Make an exact copy of all the records that follow, apart from the pictures.
[Data for this task — start]
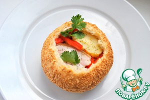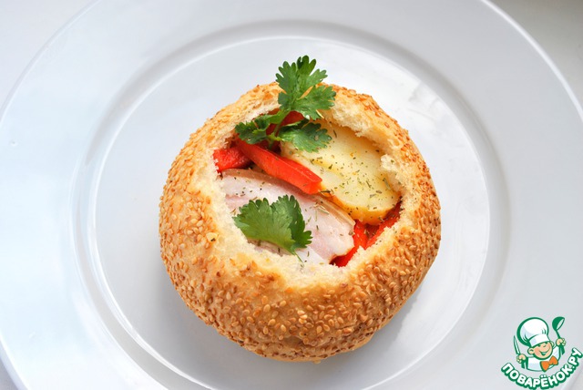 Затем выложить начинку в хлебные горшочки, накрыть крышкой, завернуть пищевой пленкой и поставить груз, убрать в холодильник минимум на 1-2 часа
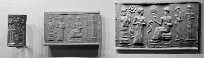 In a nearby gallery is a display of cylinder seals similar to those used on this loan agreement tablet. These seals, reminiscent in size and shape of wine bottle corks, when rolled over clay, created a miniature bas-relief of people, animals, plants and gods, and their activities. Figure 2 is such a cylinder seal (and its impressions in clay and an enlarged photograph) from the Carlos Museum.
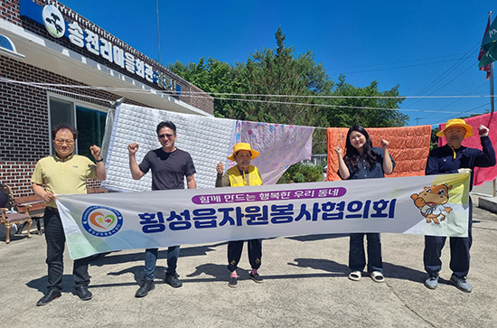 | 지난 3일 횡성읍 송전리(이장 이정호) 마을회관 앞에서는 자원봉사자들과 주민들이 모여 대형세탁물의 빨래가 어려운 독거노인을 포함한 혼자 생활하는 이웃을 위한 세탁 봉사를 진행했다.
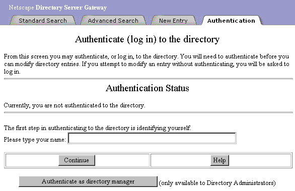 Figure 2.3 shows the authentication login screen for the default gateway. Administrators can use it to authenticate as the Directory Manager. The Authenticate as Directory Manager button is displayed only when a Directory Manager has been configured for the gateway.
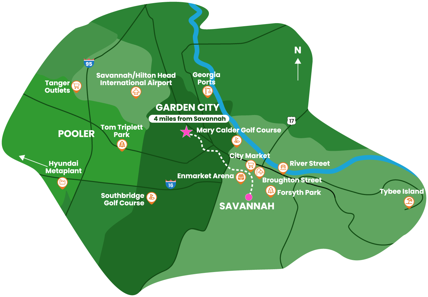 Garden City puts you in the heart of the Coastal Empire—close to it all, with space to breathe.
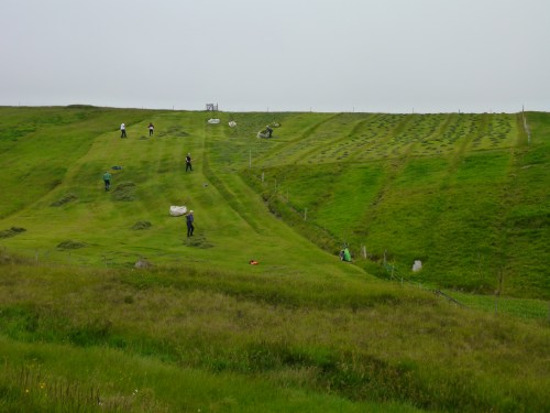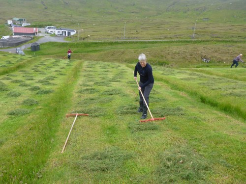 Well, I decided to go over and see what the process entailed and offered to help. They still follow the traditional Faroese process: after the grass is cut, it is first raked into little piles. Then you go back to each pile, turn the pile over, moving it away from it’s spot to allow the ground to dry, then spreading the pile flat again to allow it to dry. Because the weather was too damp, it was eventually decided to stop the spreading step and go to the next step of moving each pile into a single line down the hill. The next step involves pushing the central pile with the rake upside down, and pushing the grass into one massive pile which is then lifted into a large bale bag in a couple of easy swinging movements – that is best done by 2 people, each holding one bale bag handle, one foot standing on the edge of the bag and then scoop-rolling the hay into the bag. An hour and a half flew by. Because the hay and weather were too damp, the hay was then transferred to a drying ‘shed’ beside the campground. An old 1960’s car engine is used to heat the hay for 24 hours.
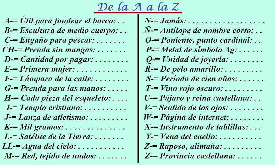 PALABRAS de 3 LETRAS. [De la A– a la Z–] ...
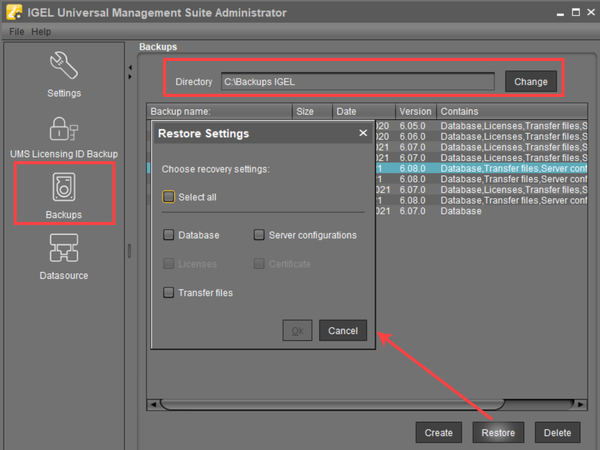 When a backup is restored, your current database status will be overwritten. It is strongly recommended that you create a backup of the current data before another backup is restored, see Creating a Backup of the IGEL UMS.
[Data for this task — finish]
Output of the exercise ▸
 Затем выложить начинку в хлебные горшочки, накрыть крышкой, завернуть пищевой пленкой и поставить груз, убрать в холодильник минимум на 1-2 часа
 In a nearby gallery is a display of cylinder seals similar to those used on this loan agreement tablet. These seals, reminiscent in size and shape of wine bottle corks, when rolled over clay, created a miniature bas-relief of people, animals, plants and gods, and their activities. Figure 2 is such a cylinder seal (and its impressions in clay and an enlarged photograph) from the Carlos Museum.
 | 지난 3일 횡성읍 송전리(이장 이정호) 마을회관 앞에서는 자원봉사자들과 주민들이 모여 대형세탁물의 빨래가 어려운 독거노인을 포함한 혼자 생활하는 이웃을 위한 세탁 봉사를 진행했다.
 Figure 2.3 shows the authentication login screen for the default gateway. Administrators can use it to authenticate as the Directory Manager. The Authenticate as Directory Manager button is displayed only when a Directory Manager has been configured for the gateway.
 Garden City puts you in the heart of the Coastal Empire—close to it all, with space to breathe.
 Well, I decided to go over and see what the process entailed and offered to help. They still follow the traditional Faroese process: after the grass is cut, it is first raked into little piles. Then you go back to each pile, turn the pile over, moving it away from it’s spot to allow the ground to dry, then spreading the pile flat again to allow it to dry. Because the weather was too damp, it was eventually decided to stop the spreading step and go to the next step of moving each pile into a single line down the hill. The next step involves pushing the central pile with the rake upside down, and pushing the grass into one massive pile which is then lifted into a large bale bag in a couple of easy swinging movements – that is best done by 2 people, each holding one bale bag handle, one foot standing on the edge of the bag and then scoop-rolling the hay into the bag. An hour and a half flew by. Because the hay and weather were too damp, the hay was then transferred to a drying ‘shed’ beside the campground. An old 1960’s car engine is used to heat the hay for 24 hours.
 PALABRAS de 3 LETRAS. [De la A– a la Z–] ...
 When a backup is restored, your current database status will be overwritten. It is strongly recommended that you create a backup of the current data before another backup is restored, see Creating a Backup of the IGEL UMS.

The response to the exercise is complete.